Jun 12, 2026 | 03:15 PM

The TRR 227 kindly invites you to the joint Colloquium of the TRR 227 & FU Physics Department.

Speaker: Prof. Dr. Olga Smirnova
Max-Born-Institut für Nichtlineare Optik u. Kurzzeitspektroskopie & TU Berlin

Title: Chirality in time: from topology of temporal shapes to spin selectivity in chiral molecules

Abstract:

Chirality—the property that distinguishes left- and right-handed forms of matter—underpins diverse functionalities across scales, from molecules that come in two non-superimposable mirror-image forms known as enantiomers to chiral materials and photonic structures. Yet fast, sensitive, and robust chiral optical detection remains a major challenge because conventional chiroptical spectroscopies access chirality only through weak corrections to the dominant electric-dipole interaction. Here, we introduce temporal chirality—chirality encoded in the time-dependent trajectories traced by vectors such as electric fields or induced polarizations—as a unifying framework that reveals highly efficient enantio-sensitive observables that employ the strongest, electric-dipole way of light–matter coupling [1].

Synthetic chiral light [2] provides a central example: the Lissajous figure traced by its electric-field vector forms a locally chiral three-dimensional trajectory in time. Correlating local chirality across both time and azimuthal space one can enable chiral topological light [3]. We show that such light enables topologically robust enantio-sensitive signals.
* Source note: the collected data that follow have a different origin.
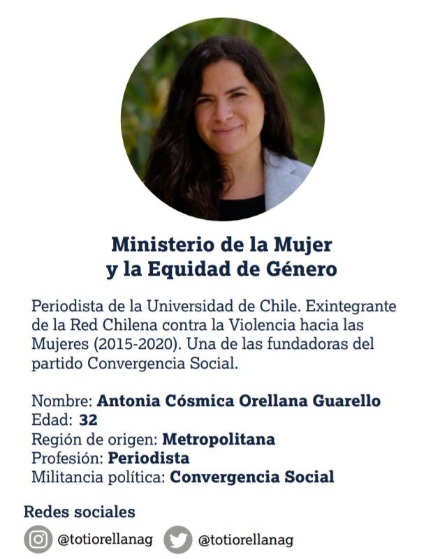 Reportajes Gabriel Boric y su equipo de gobierno 4 años atrás Medios El gabinete tiene 14 mujeres y 10 hombres y un promedio de edad de 49 años. Staff y Editores Medios administrator See author's posts Medios Más historias Destacados Interés general. International Nacional Política Reportajes PROYECTO ARCA- CAÑUELAS 6 meses atrás Maria Fraga Destacados Interés general. International Nacional Política Reportajes Arca Juan XXIII CAÑUELAS 6 meses atrás Maria Fraga Reportajes Repetir la historia 2 años atrás Maria Fraga Deja una respuesta Cancelar la respuestaTu dirección de correo electrónico no será publicada. Los campos obligatorios están marcados con *Comentario * Nombre * Correo electrónico * Web
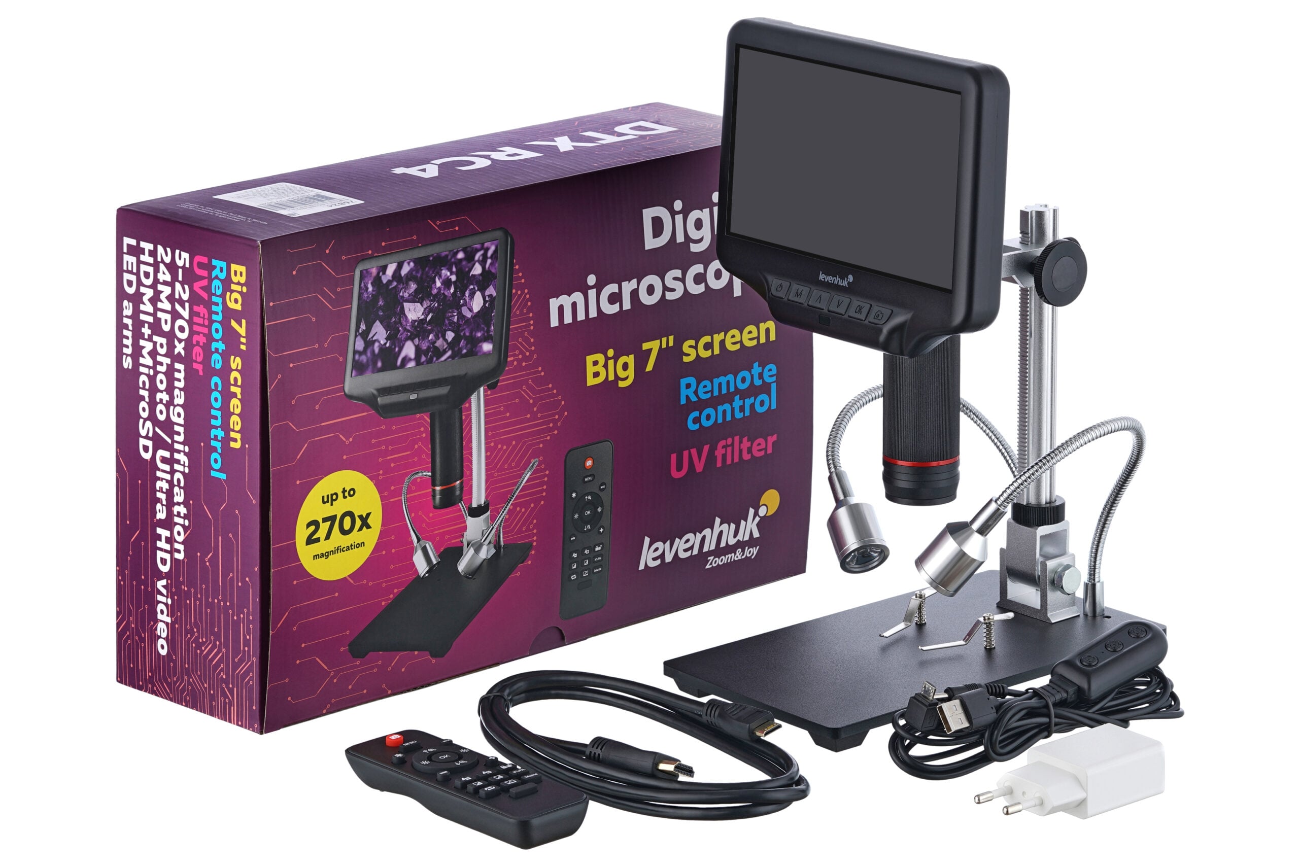 Levenhuk DTX RC4, uzaktan kumandalı, 7" LCD ekranlı dijital mikroskoptur. 5–270x toplam büyütme (optik 5–40x) sunar ve Tam HD (1920×1080) video, yüksek çözünürlüklü fotoğraf çekimine olanak tanır. Esnek kollara sahip iki ayarlanabilir LED spot, elektronik onarım, mücevher inceleme ve teknik numune analizi gibi uygulamalarda kontrollü aydınlatma sağlar. Görüntü HDMI üzerinden harici ekrana aktarılabilir. Kablosuz uzaktan kumanda, büyütme, aydınlatma ve kayıt işlemlerinin temassız yönetimini mümkün kılar. Öne çıkanlar 7" eğilebilir LCD ekran 5–270x büyütme (optik + dijital) Tam HD video, yüksek çözünürlüklü fotoğraf HDMI ile harici ekran desteği Esnek kollu ayarlanabilir LED aydınlatma Kablosuz uzaktan kumanda
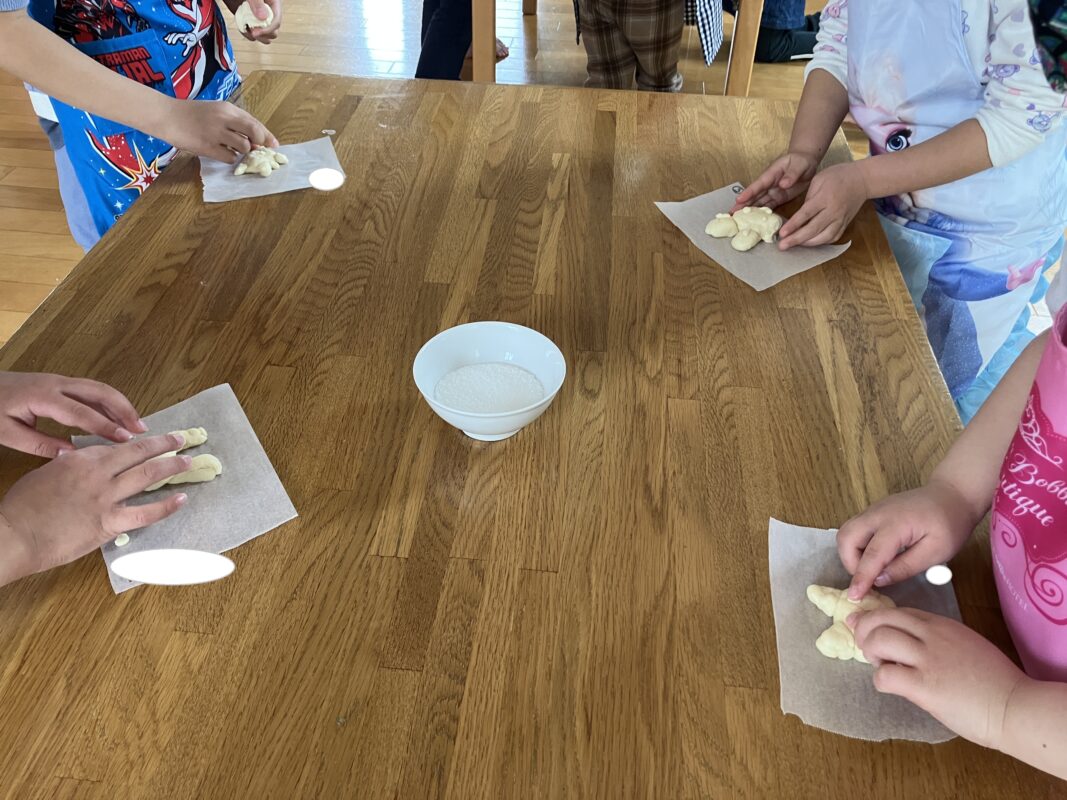 パンの生地をこねたり形を考える姿が見られました😊🎶

We further demonstrate that synthetic chiral light can be efficiently guided in an optical fibers, enabling enantio-sensitive harmonic emission from very small quantities of chiral molecules and opening pathways to compact microfluidic platforms for rapid chiral analysis.

Light-induced polarization in excited chiral molecules can also exhibit temporal chirality, generating geometric fields that influence photoelectron spin and give rise to new mechanisms of spin–chirality coupling [4,5,6]. We find that any excited or photoionized chiral molecule can act as an enantio-sensitive molecular compass [4], defining an internal geometric axis even under isotropic illumination. Just as a traditional compass needle aligns with Earth’s magnetic field, the molecular compass aligns the electron spin with a built-in geometric direction inside the molecule — a direction defined by its handedness. In this way, the molecule generates its own “chiral north,” guiding the electron spin without any magnetic interaction. A complementary Berry-curvature-driven spin torque, activated by photon spin, produces a triple lock between molecular structure, photon spin, and electron spin—providing a geometric and topological foundation for the chirality-induced spin-selectivity (CISS) effect.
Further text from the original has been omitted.